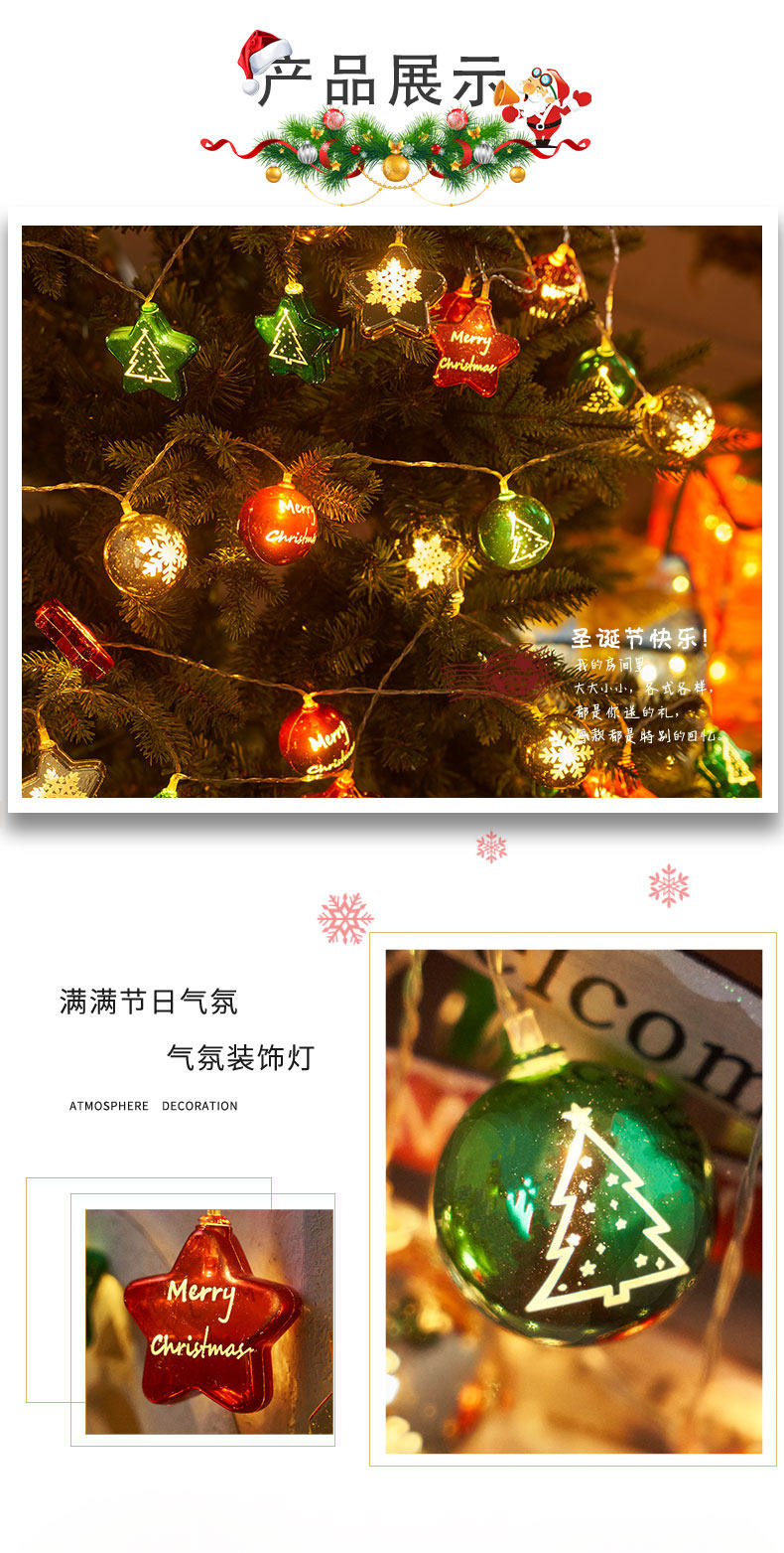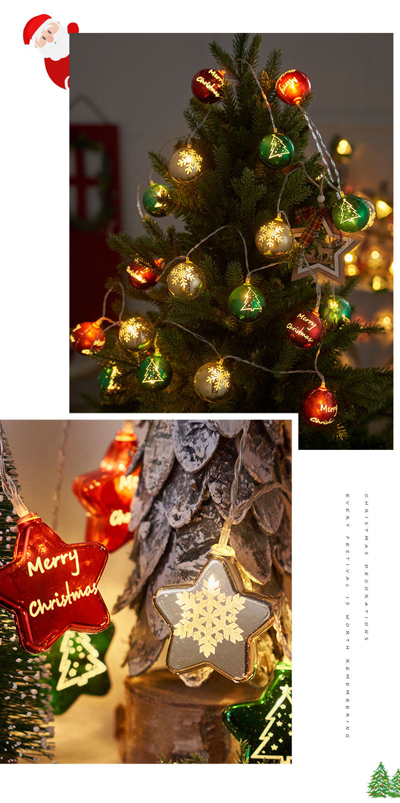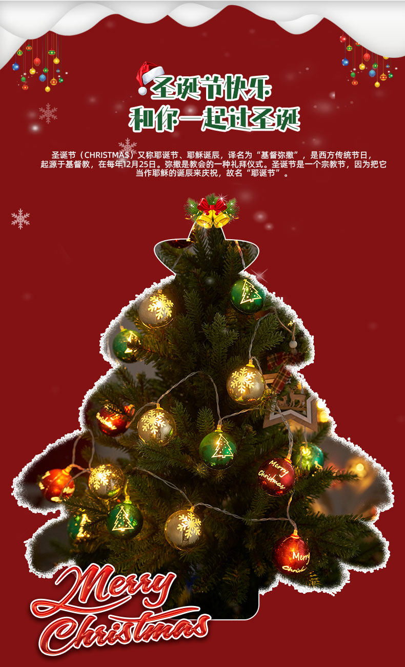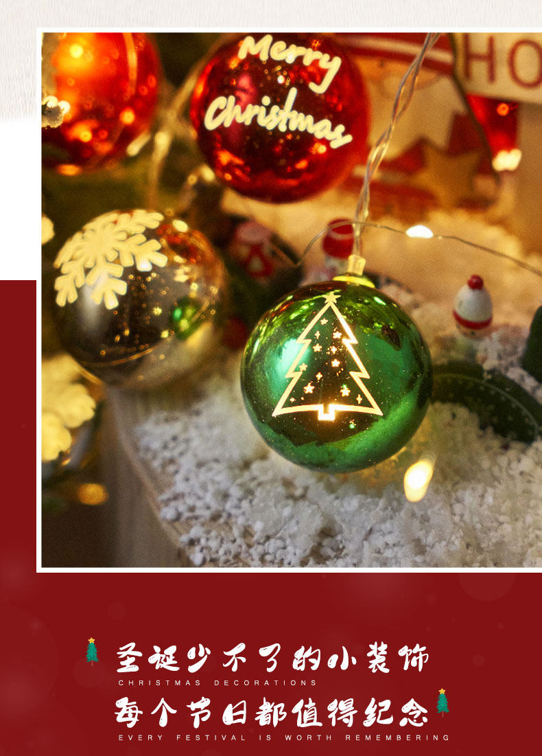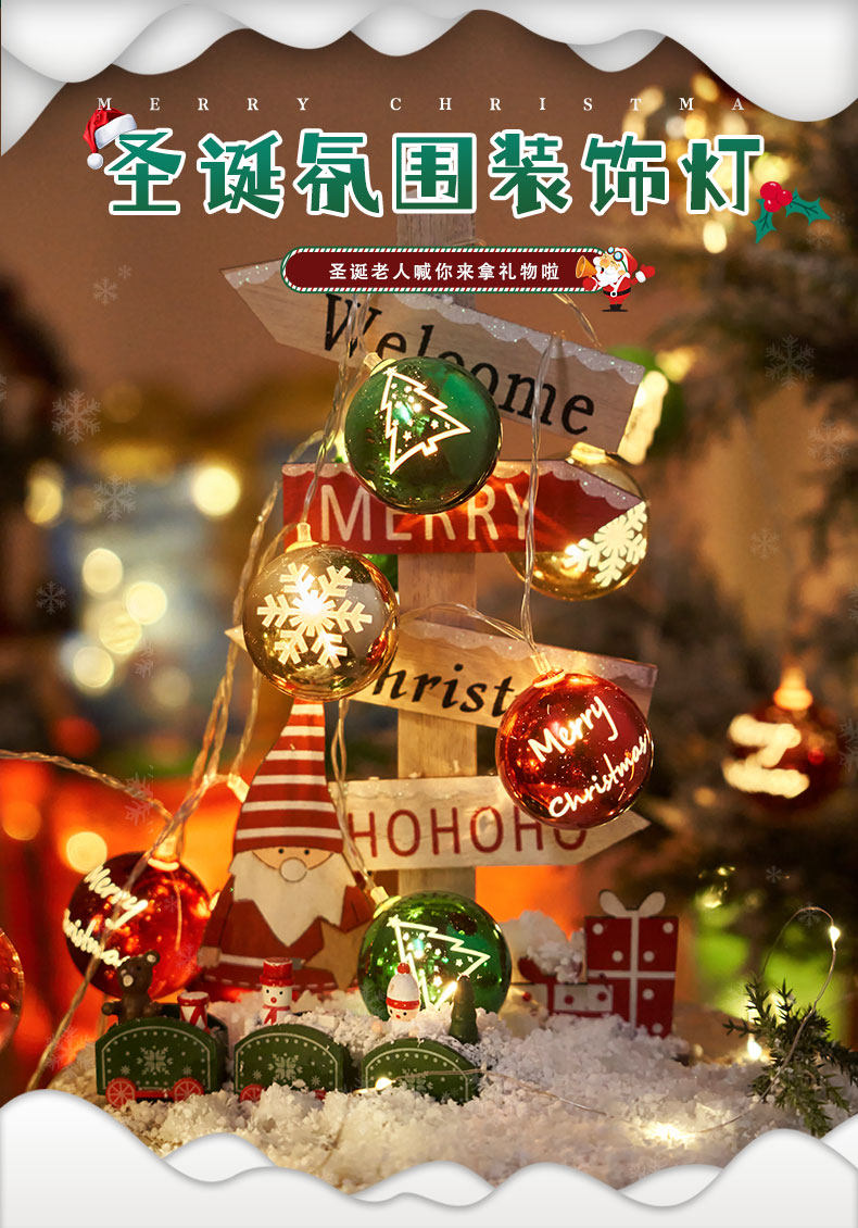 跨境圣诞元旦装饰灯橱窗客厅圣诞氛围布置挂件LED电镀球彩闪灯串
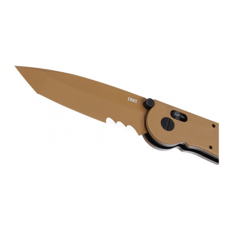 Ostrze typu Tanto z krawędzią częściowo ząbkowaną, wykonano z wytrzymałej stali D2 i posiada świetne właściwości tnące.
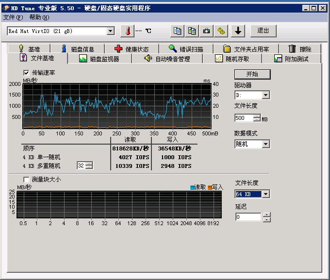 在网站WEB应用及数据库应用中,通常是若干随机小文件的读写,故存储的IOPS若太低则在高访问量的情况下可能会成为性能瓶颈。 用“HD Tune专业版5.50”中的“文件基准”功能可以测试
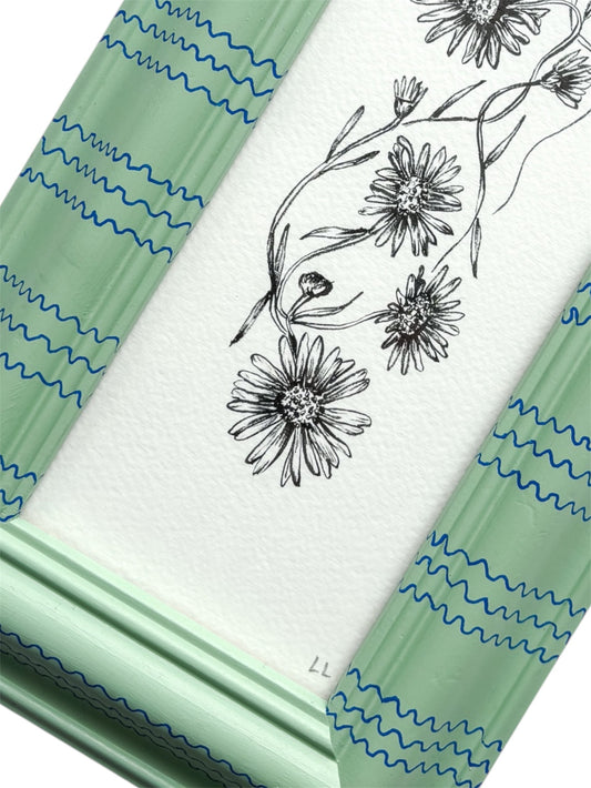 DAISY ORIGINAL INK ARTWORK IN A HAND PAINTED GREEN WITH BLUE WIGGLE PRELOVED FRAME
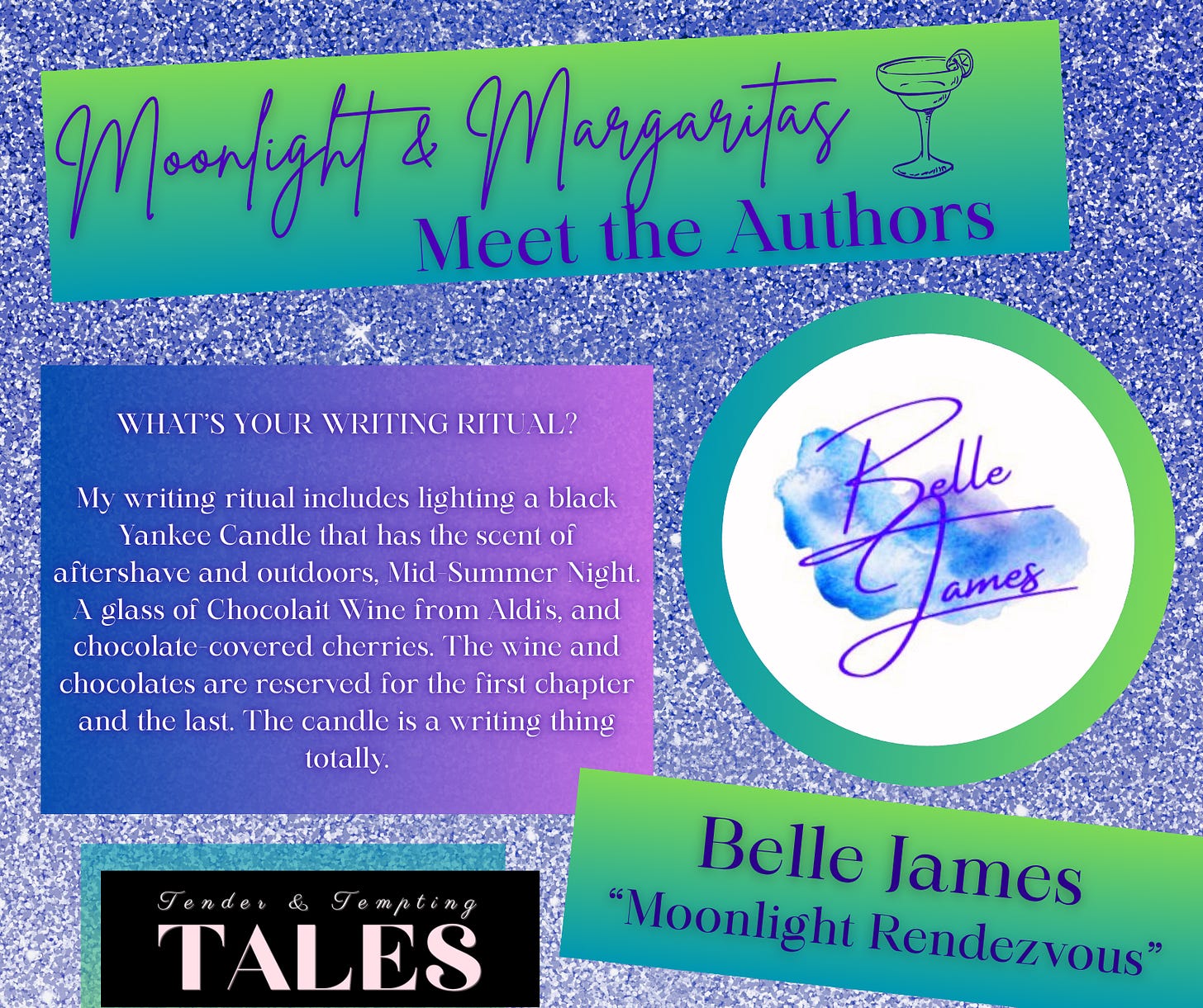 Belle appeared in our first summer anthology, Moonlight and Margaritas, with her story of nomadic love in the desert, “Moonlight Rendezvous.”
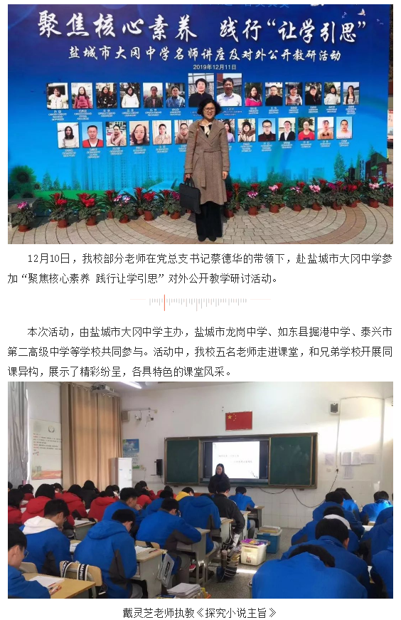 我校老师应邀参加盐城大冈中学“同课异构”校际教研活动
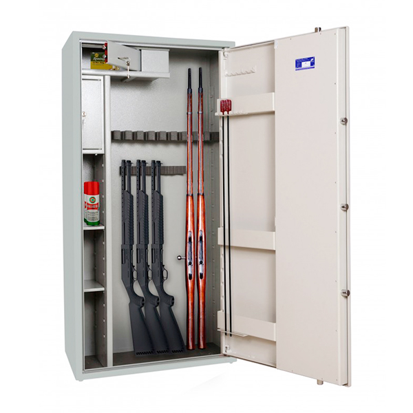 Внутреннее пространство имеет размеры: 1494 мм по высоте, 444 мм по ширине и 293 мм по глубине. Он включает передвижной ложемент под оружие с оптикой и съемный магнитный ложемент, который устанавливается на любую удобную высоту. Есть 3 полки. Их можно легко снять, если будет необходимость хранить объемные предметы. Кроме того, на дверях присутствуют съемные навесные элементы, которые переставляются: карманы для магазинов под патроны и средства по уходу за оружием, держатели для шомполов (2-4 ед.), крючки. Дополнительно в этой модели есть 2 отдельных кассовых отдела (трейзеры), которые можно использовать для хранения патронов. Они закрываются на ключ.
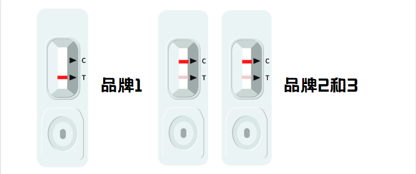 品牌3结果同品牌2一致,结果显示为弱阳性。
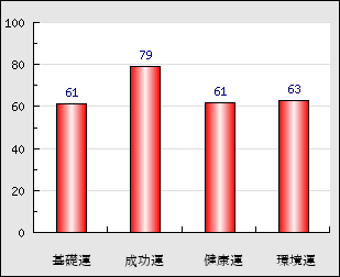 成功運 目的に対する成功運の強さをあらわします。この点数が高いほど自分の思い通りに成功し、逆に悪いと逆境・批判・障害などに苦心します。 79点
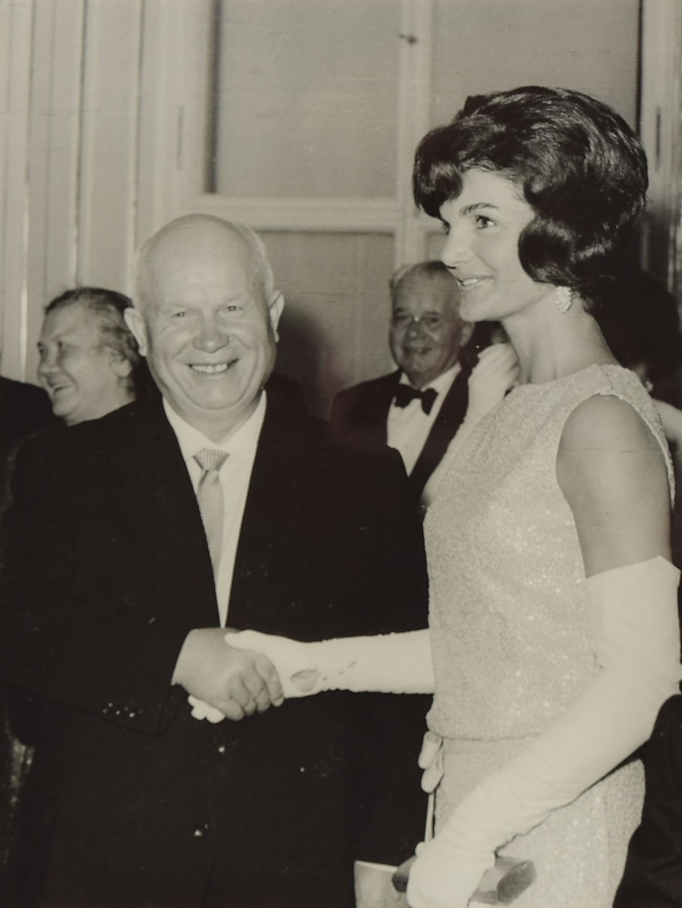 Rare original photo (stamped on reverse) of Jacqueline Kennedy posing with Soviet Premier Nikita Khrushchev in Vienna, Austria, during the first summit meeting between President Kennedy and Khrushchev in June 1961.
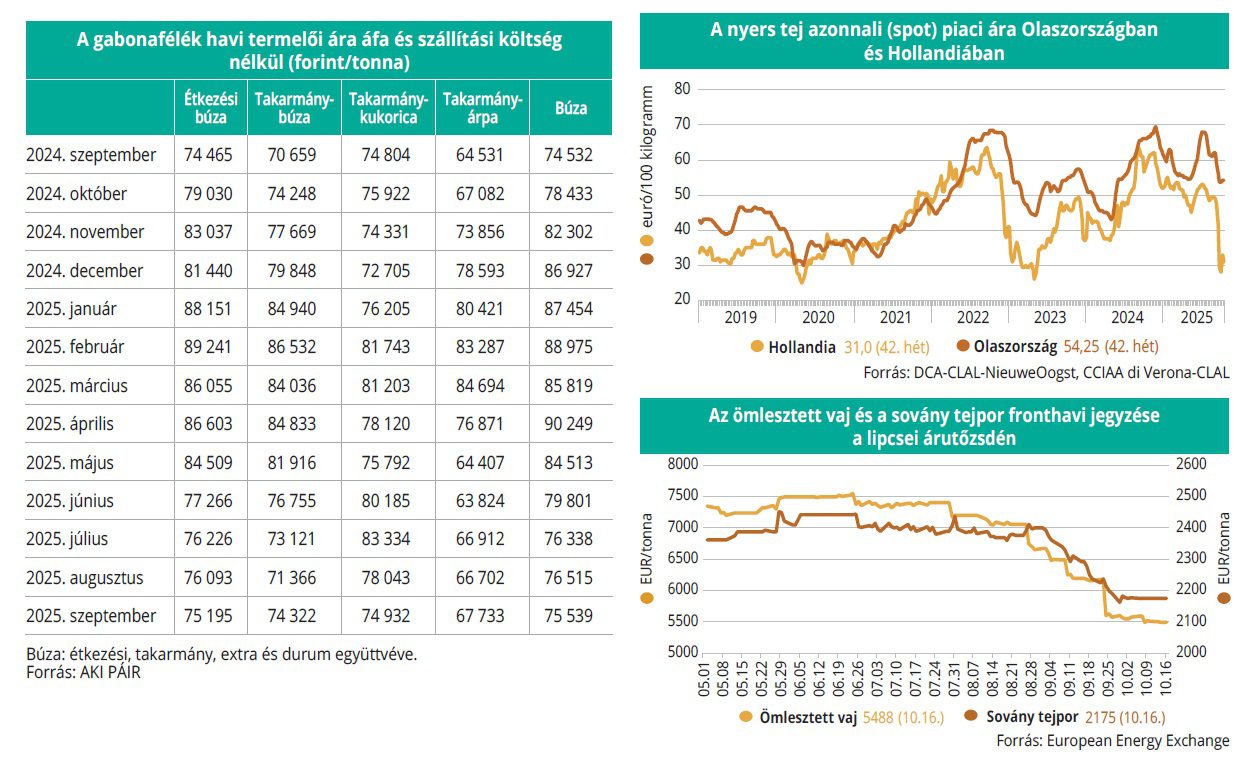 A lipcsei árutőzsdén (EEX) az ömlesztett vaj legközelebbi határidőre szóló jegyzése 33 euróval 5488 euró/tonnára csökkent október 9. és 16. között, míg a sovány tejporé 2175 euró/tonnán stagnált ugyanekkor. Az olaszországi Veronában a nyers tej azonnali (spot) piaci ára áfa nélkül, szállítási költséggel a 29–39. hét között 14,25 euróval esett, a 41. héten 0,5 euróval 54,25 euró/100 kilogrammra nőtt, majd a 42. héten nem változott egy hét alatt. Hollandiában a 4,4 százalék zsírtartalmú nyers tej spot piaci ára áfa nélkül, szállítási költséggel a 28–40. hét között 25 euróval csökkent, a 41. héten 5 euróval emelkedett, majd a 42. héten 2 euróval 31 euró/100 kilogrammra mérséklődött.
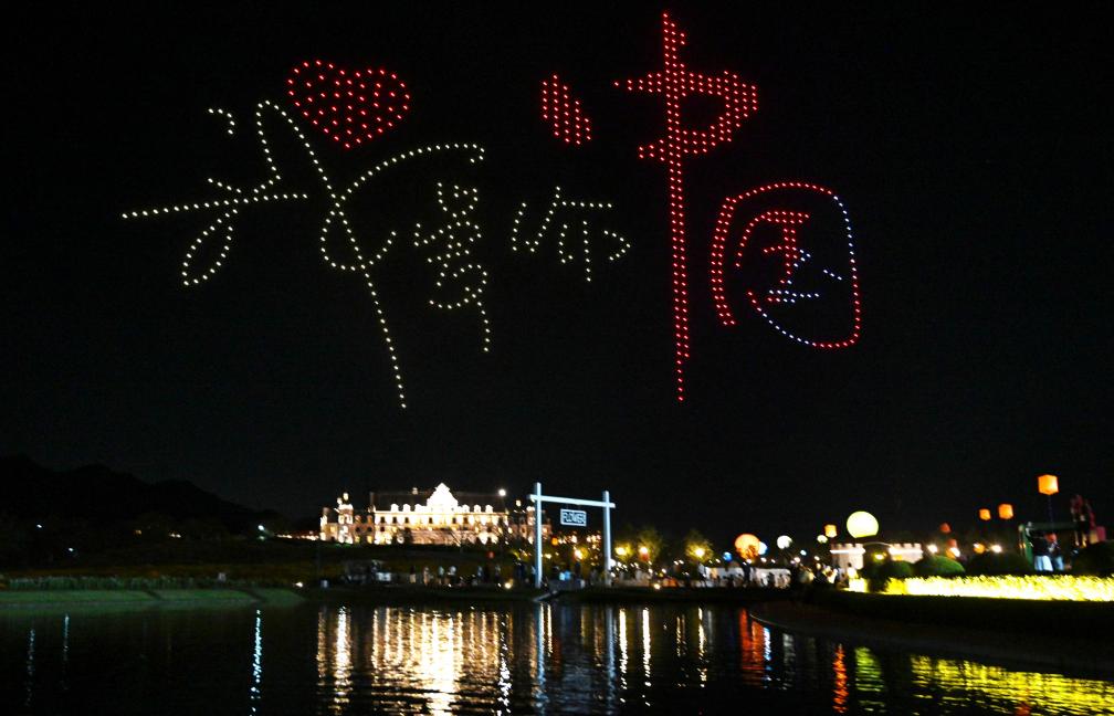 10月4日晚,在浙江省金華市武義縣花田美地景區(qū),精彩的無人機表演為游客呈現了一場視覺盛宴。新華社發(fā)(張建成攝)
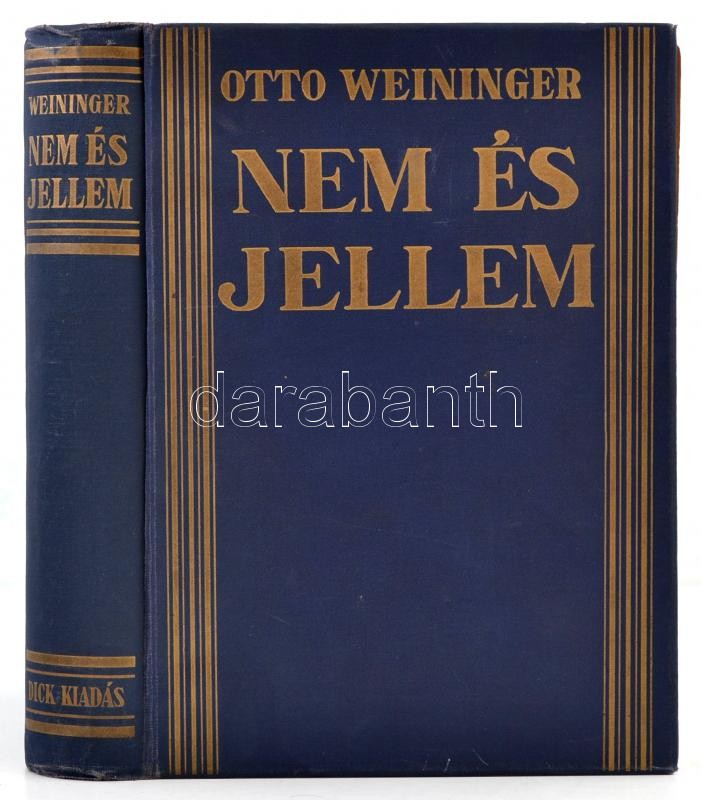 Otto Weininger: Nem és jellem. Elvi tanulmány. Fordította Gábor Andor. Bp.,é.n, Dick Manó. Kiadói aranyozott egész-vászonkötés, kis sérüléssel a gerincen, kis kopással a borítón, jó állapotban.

○ ○ ○ ○

### WORK TO BE COMPLETED
The lines to be transcribed are those from the first line of the data above through the line holding "DAISY ORIGINAL INK", inclusive; copy them exactly and only, leaving out the pictures.

### ANSWER SECTION
 跨境圣诞元旦装饰灯橱窗客厅圣诞氛围布置挂件LED电镀球彩闪灯串
 Ostrze typu Tanto z krawędzią częściowo ząbkowaną, wykonano z wytrzymałej stali D2 i posiada świetne właściwości tnące.
 在网站WEB应用及数据库应用中,通常是若干随机小文件的读写,故存储的IOPS若太低则在高访问量的情况下可能会成为性能瓶颈。 用“HD Tune专业版5.50”中的“文件基准”功能可以测试
 DAISY ORIGINAL INK ARTWORK IN A HAND PAINTED GREEN WITH BLUE WIGGLE PRELOVED FRAME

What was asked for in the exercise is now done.